To run on Ethos-U the `graph_module` must be quantized using the `arm_quantizer`. Quantization can be done in multiple ways and it can be customized for different parts of the graph; shown here is the recommended path for the EthosUBackend. Quantization also requires calibrating the module with example inputs.

Again printing the module, it can be seen that the quantization wraps the node in quantization/dequantization nodes which contain the computed quanitzation parameters.

With the default passes for the Arm Ethos-U backend, assuming the model lowers fully to the Ethos-U, the exported program is composed of a Quantize node, Ethos-U custom delegate and a Dequantize node. In some circumstances, you may want to feed quantized input to the Neural Network straight away, e.g. if you have a camera sensor outputting (u)int8 data and keep all the arithmetic of the application in the int8 domain. For these cases, you can apply the `exir/passes/quantize_io_pass.py`. See the unit test in `backends/arm/test/passes/test_ioquantization_pass.py`for an example how to feed quantized inputs and obtain quantized outputs.


In [None]:
from executorch.backends.arm.arm_backend import ArmCompileSpecBuilder
from executorch.backends.arm.quantizer import (
    EthosUQuantizer,
    get_symmetric_quantization_config,
)
from torchao.quantization.pt2e.quantize_pt2e import convert_pt2e, prepare_pt2e

# Create a compilation spec describing the target for configuring the quantizer
# Some args are used by the Arm Vela graph compiler later in the example. Refer to Arm Vela documentation for an
# explanation of its flags: https://gitlab.arm.com/artificial-intelligence/ethos-u/ethos-u-vela/-/blob/main/OPTIONS.md
spec_builder = ArmCompileSpecBuilder().ethosu_compile_spec(
            target="ethos-u55-128",
            system_config="Ethos_U55_High_End_Embedded",
            memory_mode="Shared_Sram",
            extra_flags="--output-format=raw --debug-force-regor"
        )
compile_spec = spec_builder.build()

# Create and configure quantizer to use a symmetric quantization config globally on all nodes
quantizer = EthosUQuantizer(compile_spec)
operator_config = get_symmetric_quantization_config()
quantizer.set_global(operator_config)

# Post training quantization
quantized_graph_module = prepare_pt2e(graph_module, quantizer)
quantized_graph_module(*example_inputs) # Calibrate the graph module with the example input
quantized_graph_module = convert_pt2e(quantized_graph_module)
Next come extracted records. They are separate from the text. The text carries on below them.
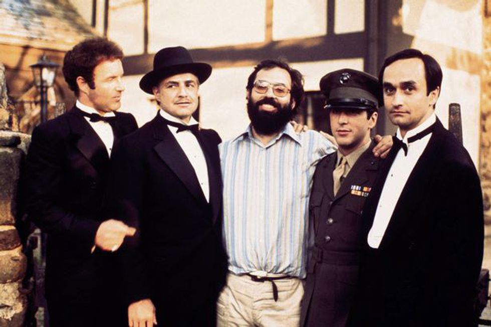 (From left to right, James Caan as Sonny, Marlon Brando as Vito, director Francis Ford Coppola, Al Pacino as Michael, and John Cazale as Fredo)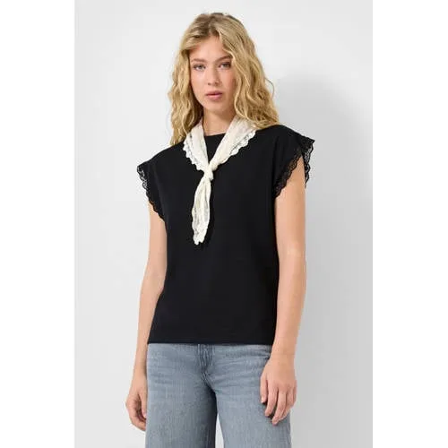 Deze zwarte QS T-shirt top voor dames is een praktische basic met een subtiel speels accent. De top is gemaakt van 100% katoen in een zachte jersey kwaliteit, waardoor het materiaal soepel valt en prettig aanvoelt op de huid. De ronde hals en korte vleermuismouwen zorgen voor een ontspannen uitstraling en extra bewegingsvrijheid. Dankzij de loose fit valt de top luchtig om het lichaam, ideaal voor dagelijks gebruik in het voorjaar en de zomer.Losse pasvorm met kantdetail Gemaakt van 100% katoen in zachte jersey stof Loose fit pasvorm voor een comfortabele, luchtige look Korte vleermuismouwen voor een moderne, losse schouderlijn Ronde hals die aansluit zonder strak te zitten Kantdetails zorgen voor een subtiel accent Effen zwarte kleur, eenvoudig te combineren met je garderobeEveryday top voor vele outfitsDeze top uit de 'daily' collectie is geschikt voor allerlei momenten op een dag. Draag de zwarte T-shirt top op een jeans voor een casual look of combineer met een rok en sandalen voor een wat nettere combinatie. De lichte stretch in de stof zorgt dat de top prettig meebeweegt, of je nu thuis bent, werkt of onderweg bent.QS, moderne stijl voor elke dagQS richt zich op kleding die past in een druk, dagelijks leven. Toegankelijke modellen, actuele details en vertrouwde materialen vormen de basis van de collectie. Met dit T-shirt kies je voor een draagbare top met een moderne pasvorm, die je eenvoudig terugpakt uit de kast.Een comfortabele, zwarte top die je het hele seizoen door gemakkelijk combineert.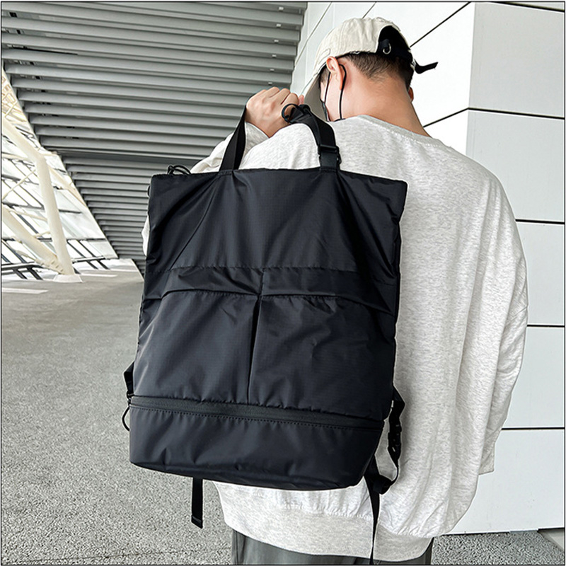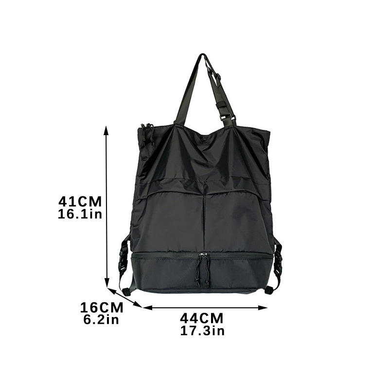 Durability:looks good Material:nylon, light weight The bag can use as backpack, hand carry or shoulder carry. It's 40cm x 44cm, I remember the same bag at Uniqlo is bigger a bit, still the size is acceptable, can put a lot of things, I wish it can be bigger a bit tho. It is light weight since it made by nylon. Friendly reminder: I ask question to the seller and they rarely respond. So be warned about that.
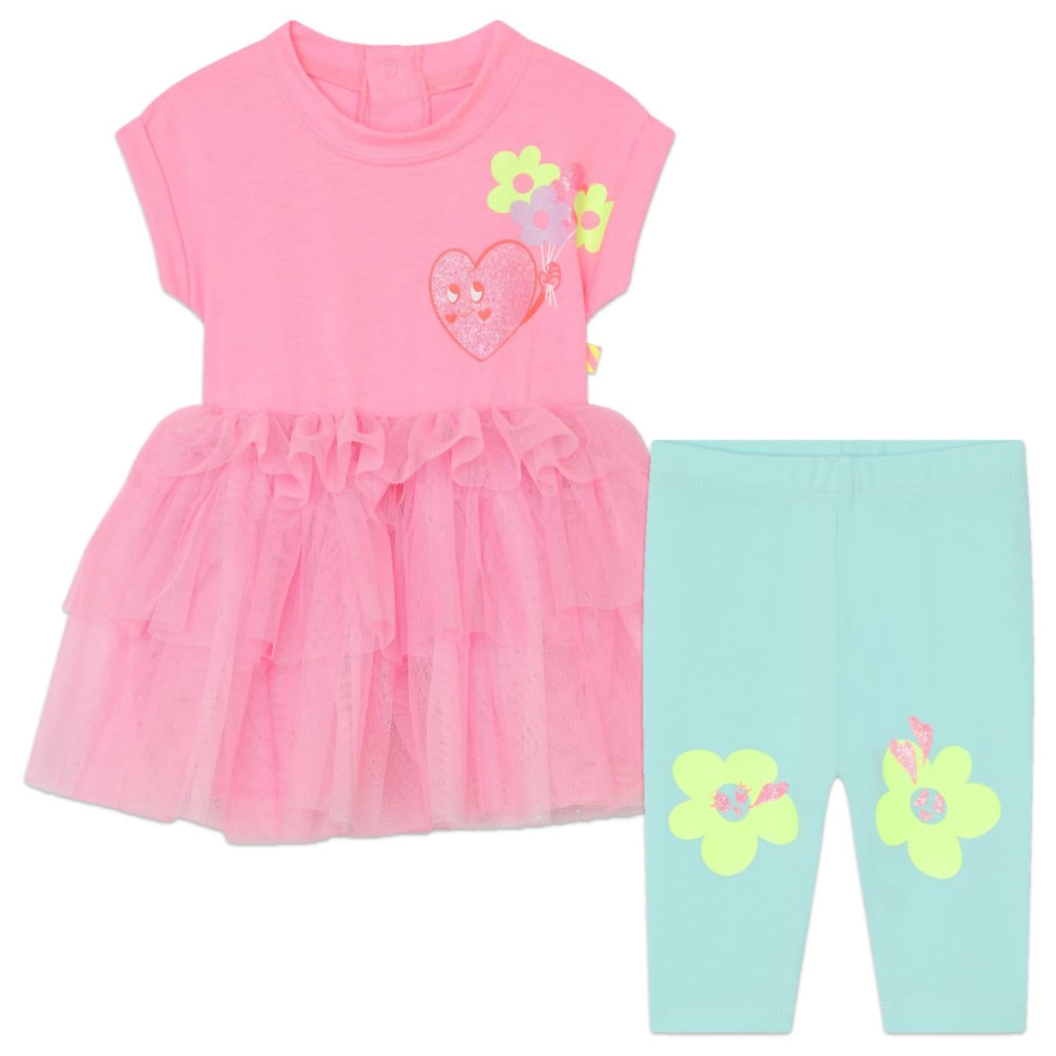 The Baby Jersey Tulle Dress & Legging Set by Billieblush, in a playful multi-color, is perfect for stylish little ones. The dress features a jersey bodice and a tulle skirt, composed of 65% polyester and 35% cotton, with a soft and lightweight 97% polyester, 3% cotton lining. It includes soft jersey leggings made of 59% polyester, 34% cotton, and 7% elastane. Closure: Popper fastenings. Care: Machine wash at 30°C.

_ = quantized_graph_module.print_readable()

# Create a new exported program using the quantized_graph_module
quantized_exported_program = torch.export.export(quantized_graph_module, example_inputs)
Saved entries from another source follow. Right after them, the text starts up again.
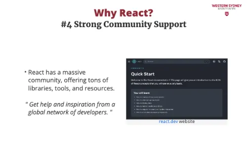 Let's briefly discuss why we chose the ReactJS framework for front-end development during this course.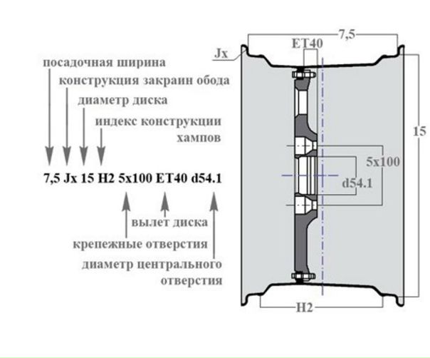 Маркировка будет более понятной, если для её расшифровки использовать приведённый нами рисунок. В качестве примера давайте рассмотрим такой вариант маркировки, как 7,5Jx15h35x100ET40d54.1. А каким образом он соотносится с конструкцией колёсного диска, смотрите на рисунке справа:
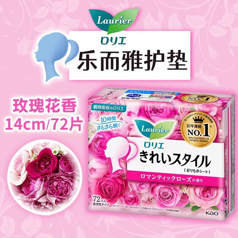 代发花王(kao)乐而雅瞬吸亲肤护垫14cm72枚/包-玫瑰 AJC056258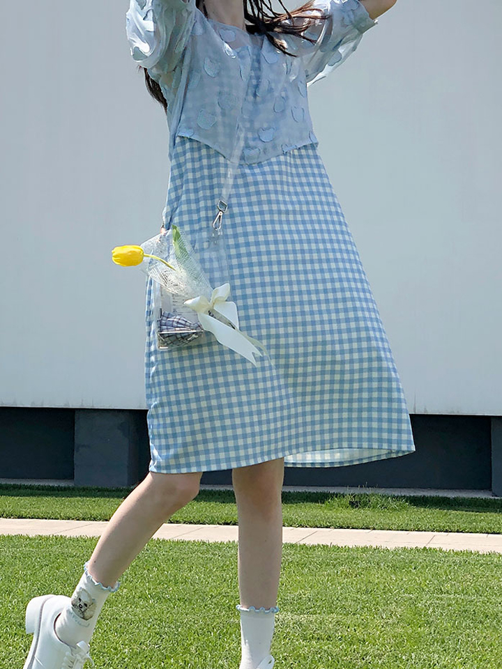 商店创作的这款半身裙和上衣防晒外套的套装,巧妙的运用蓝色的格纹的元素,很好的展现出中国风之美。
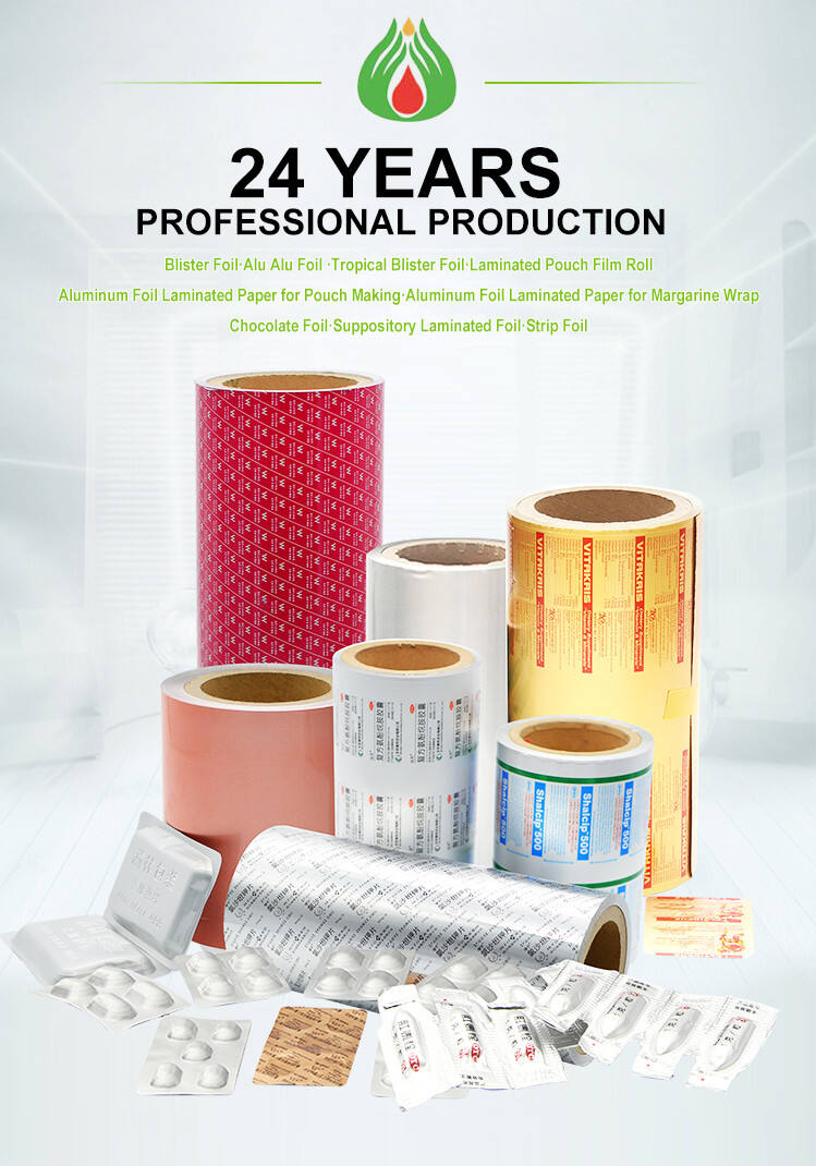 Nous produisons principalement des feuilles d'aluminium pour l'emballage pharmaceutique (telles que feuillard pour plaquettes, feuillard alu-alu, feuillard pour bande et feuillard pour suppositoires ),

The lowering in the EthosUBackend happens in five steps:

1. **Lowering to core Aten operator set**: Transform module to use a subset of operators applicable to edge devices. 
2. **Partitioning**: Find subgraphs which are supported for running on Ethos-U
3. **Lowering to TOSA compatible operator set**: Perform transforms to make the Ethos-U subgraph(s) compatible with TOSA 
4. **Serialization to TOSA**: Compiles the graph module into a TOSA graph 
5. **Compilation to NPU**: Compiles the TOSA graph into an EthosU command stream using the Arm Vela graph compiler. This makes use of the `compile_spec` created earlier.
Step 5 also prints a Network summary for each processed subgraph.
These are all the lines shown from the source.